This poses no problem – until the office holder moves firms.
In such circumstances, do the appointments follow him or stay put? Can the original firm retain the appointments and transfer them away from the outgoing office holder? And, just as crucially, can the office holder be made to take unremunerative appointments with him? The few transfer applications that have made it before the courts provide the answers to these contentious questions.
Understandably, the court’s first priority will be to act in the best interests of the creditors in that particular insolvency. The business interests of both the previous or the new firms will take a back seat, regardless of any employment related contractual provision to the contrary.
This is clear from Justice Chadwick’s words. ‘It is likely that the interests of creditors will be best served by leaving the administration of the debtor’s affairs where it is. But I have to consider whether it is so obviously in the interests of creditors in each individual liquidation or bankruptcy that there should be a substitution of office holder within the relevant accountancy firm.’

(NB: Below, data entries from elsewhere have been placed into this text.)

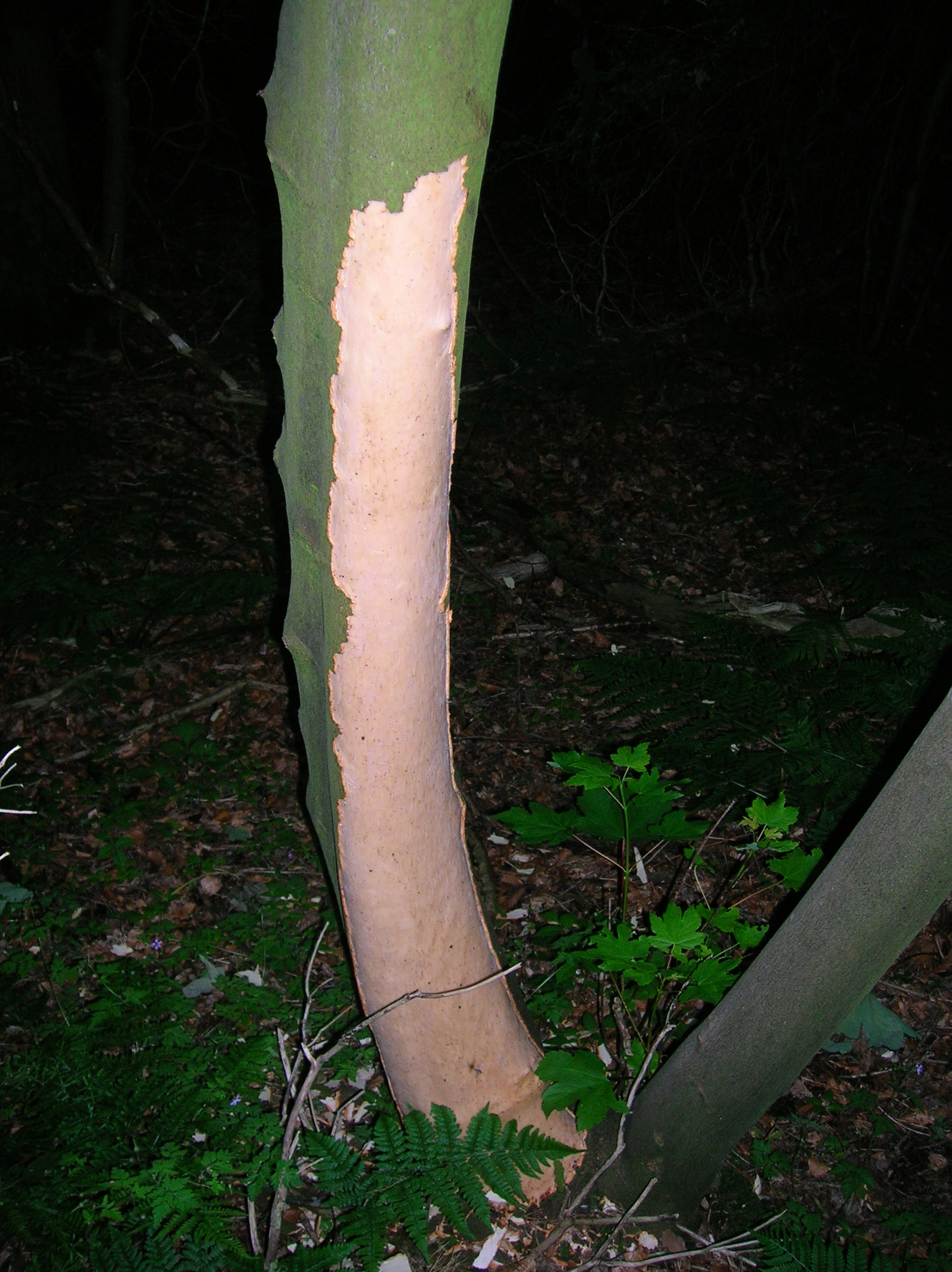 A Sycamore (Acer pseudoplatanus) trunk damaged by Grey squirrels at Spier's School.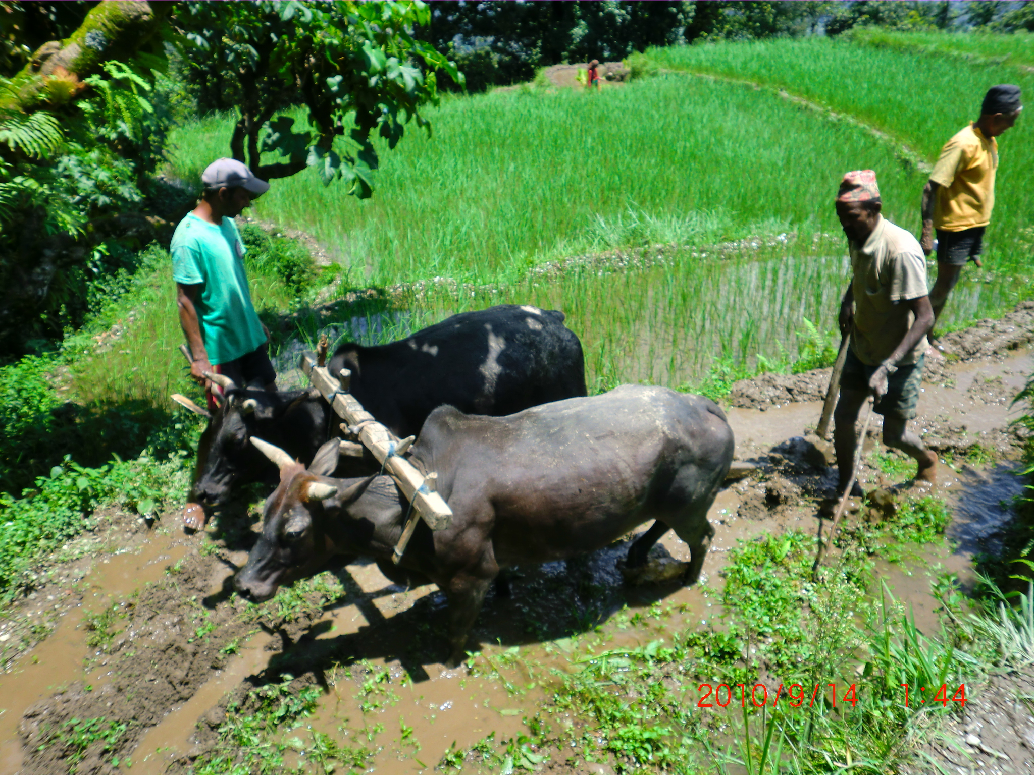 You can see the traditional agriculture practice applied in Dhital Village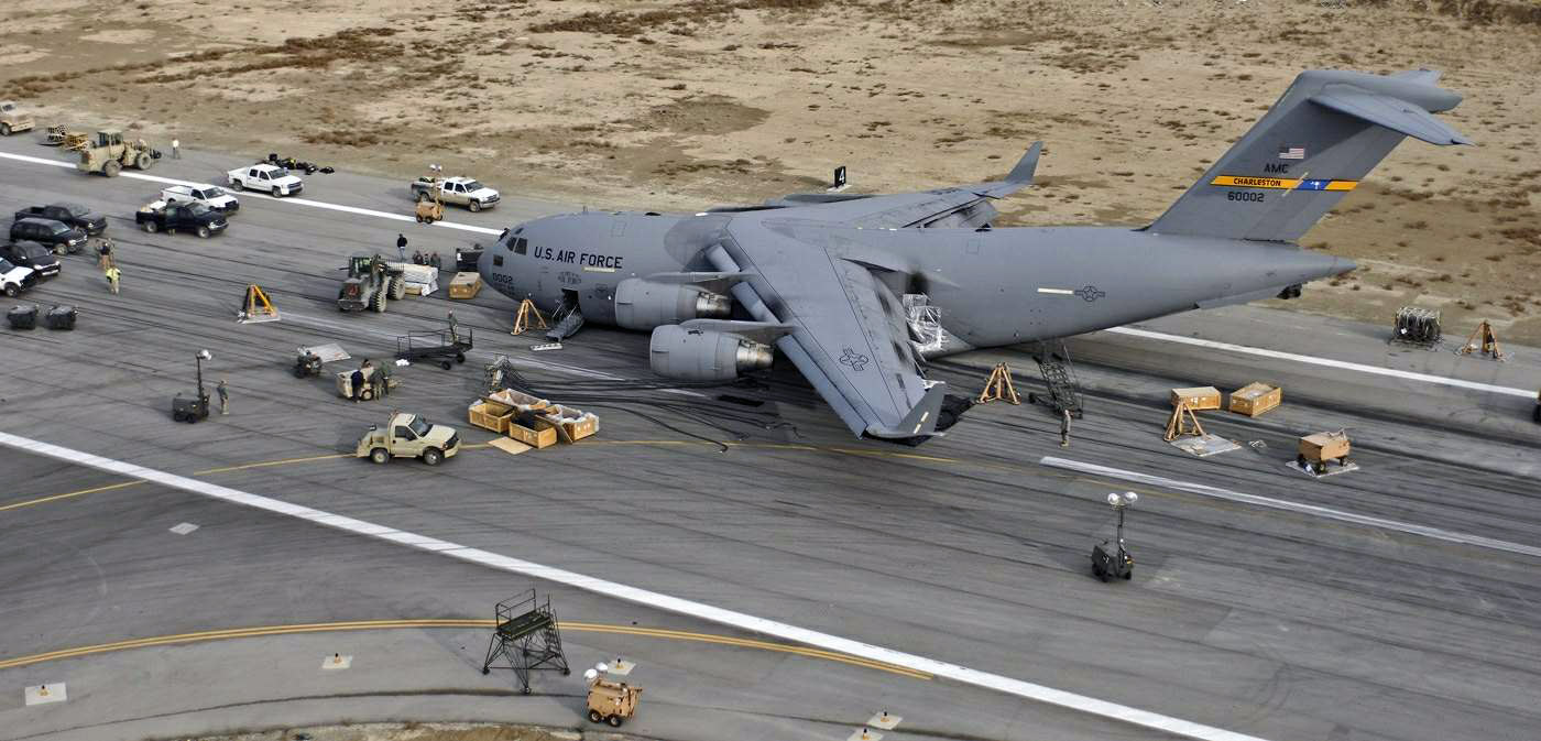 Crash recovery and emergency management crews survey a C-17 Globemaster III Jan. 31 as it rests on the active runway of Bagram Airfield, Afghanistan, after landing Jan. 30 with its landing gear retracted. More than 120 Airmen, Defense Department civilians and contractors successfully removed the crippled aircraft from the runway Feb. 2 and restored full airfield operations shortly thereafter. The "belly up," or no landing gear, recovery effort was the first in the airframe's 16-year Air Force history.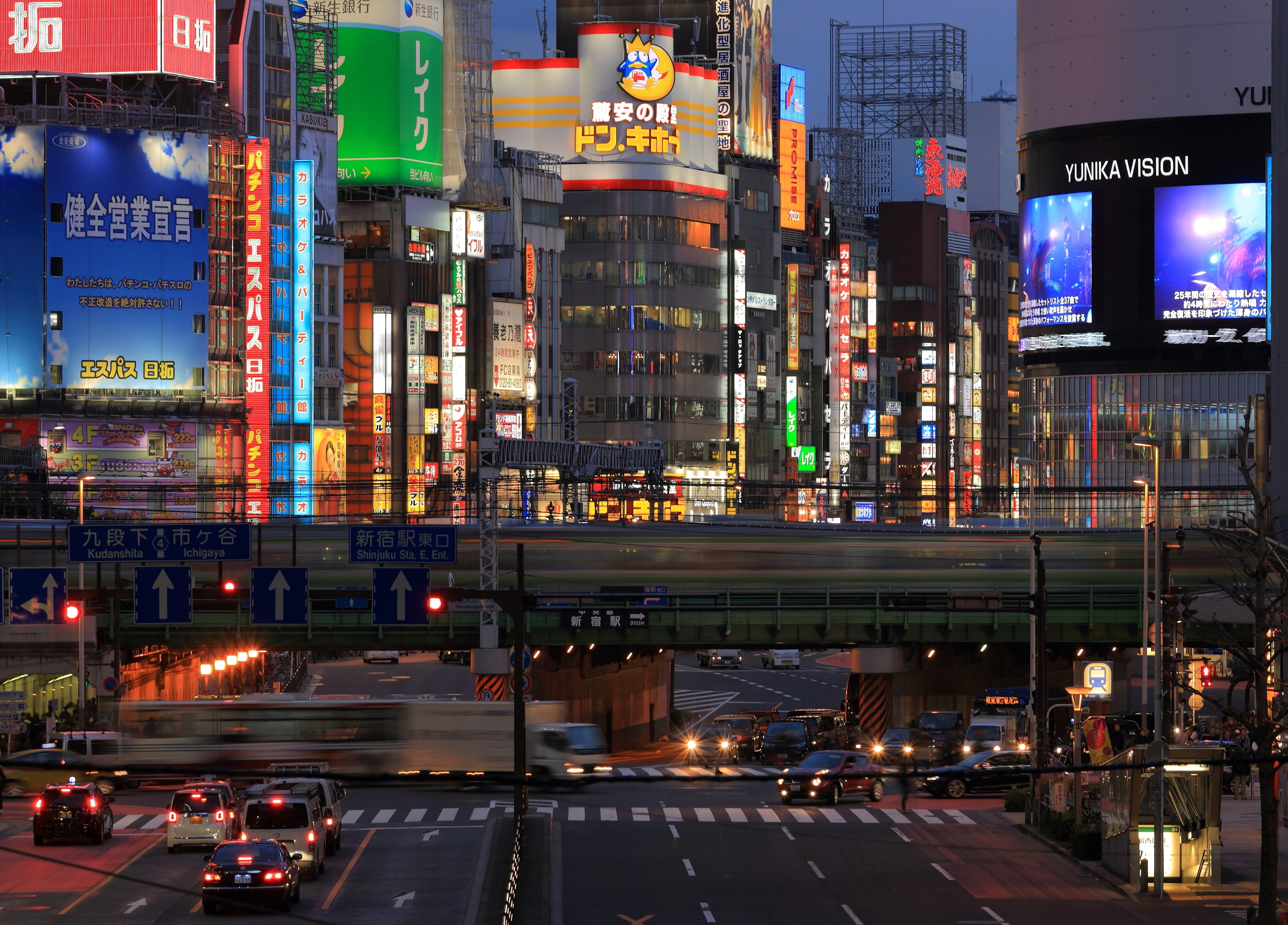 Shinjuku, Tokyo, at night: Traffic on Ōme-kaidō

Remarks made by Blackbourne J in A&C Supplies endorse this view, where, after describing largely ineffective attempts by the outgoing office holder to access papers at his previous firm, he says: ‘It is evident that in the interests of creditors of the various insolvent estates involved, this is a state of affairs which ought not to be allowed to continue.’
Useful indications have also been provided by the courts in deciding whether a transfer is, or is not, in the interests of creditors. For example, the importance of the knowledge of the various managers and supervisors handling the daily administration of the insolvency was recognised in both Equity Nominees and Cork v Rolph.
Creditors may be better served if another office holder from the original firm deals with the appointments. This would avoid spending time and money getting new staff up-to-speed and also prevent the sometimes considerable disruption of moving papers and other records.
The likelihood of a transfer is also affected by how close the appointments are to being finalised. The nearer to completion they are, the less likely a transfer will be granted by the judge, as shown in the Sankey and Equity Nominees cases.
Sometimes the outgoing office holder may not be able to carry out his responsibilities at a satisfactory level as shown in each of A&C Supplies, Equity Nominees and Cork v Rolph. In the recent case of Mullins v Laughton & Others (19 December 2002), Mullins was excluded from his office by fellow partners but required by those same partners to continue with the conduct of some 200 unremunerative insolvencies.
Justice Neuberger said: ‘Mr Mullins alleges that, having been required to leave the office precipitately, he had no facilities or supporting staff, and no insurance, and it was therefore neither practical nor proper for him to remain the appointee in respect of, or be responsible for the management of, 200 insolvencies. From the point of view of managing the insolvencies, expediency would point firmly in favour of one or more of his former partners, with all (their) staff and resources, replacing him as appointee. All the more so, as (those) staff would have been responsible for much of the day to day running of the insolvencies, and they remained in place.’
Where there is a debenture, the contractual power to appoint the office holder of choice belongs to the charge holder. The courts have the power to remove an administrative receiver from office, but cannot appoint a replacement; that privilege lies with the debenture holder. The courts will reluctantly remove someone specifically selected by the appointer, but only if necessary. The appointer can then leave the appointment as single (if previously joint), appoint someone other than the outgoing office holder, or apply to the court if the outgoing office holder is to be retained.
The court takes a dim view of arguments between a previous office holder and a professional firm which appears to ignore creditors’ interests.
The ‘You’ve got, I want’ approach may be considered distasteful and unhelpful by the judge.
Indeed, it would be highly preferable to avoid the courts altogether.
A sensible alternative is to discuss and resolve appointment transfers before competing positions are taken and, if that fails, then apply to the court as a last resort.
Each individual insolvency should be treated as separate and the court will decide where creditors’ interests lie with reference to specific factors such as: Who has the knowledge to deal with it most efficiently?
When is the closure due? And where are the appropriate papers located?
Joint appointments demand the role of the outgoing office holder is scrutinised.
The views of any principal creditor or committee must also be obtained and considered seriously.
Sufficient notice of intended departure from the outgoing office holder should be employed to ensure an orderly transfer of papers and knowledge.
In some cases, employment contracts or partnership deeds contain a provision that all fees generated by appointments taken away should be accounted to the outgoing office holder’s previous firm. It may become necessary for the firm to make the outgoing office holder aware of this responsibility to assess the commerciality of taking his appointments, and accounting to the original firm for all fees earned.
When considering whether or not making a transfer application is the best course of action to take, an awareness of the potential legal hazards and the approach of the court if transfer issues cannot be resolved by discussion, is essential for a smooth and fair transition.
- Simon Moore is partner and commercial litigation lawyer at City law firm Field Fisher Waterhouse.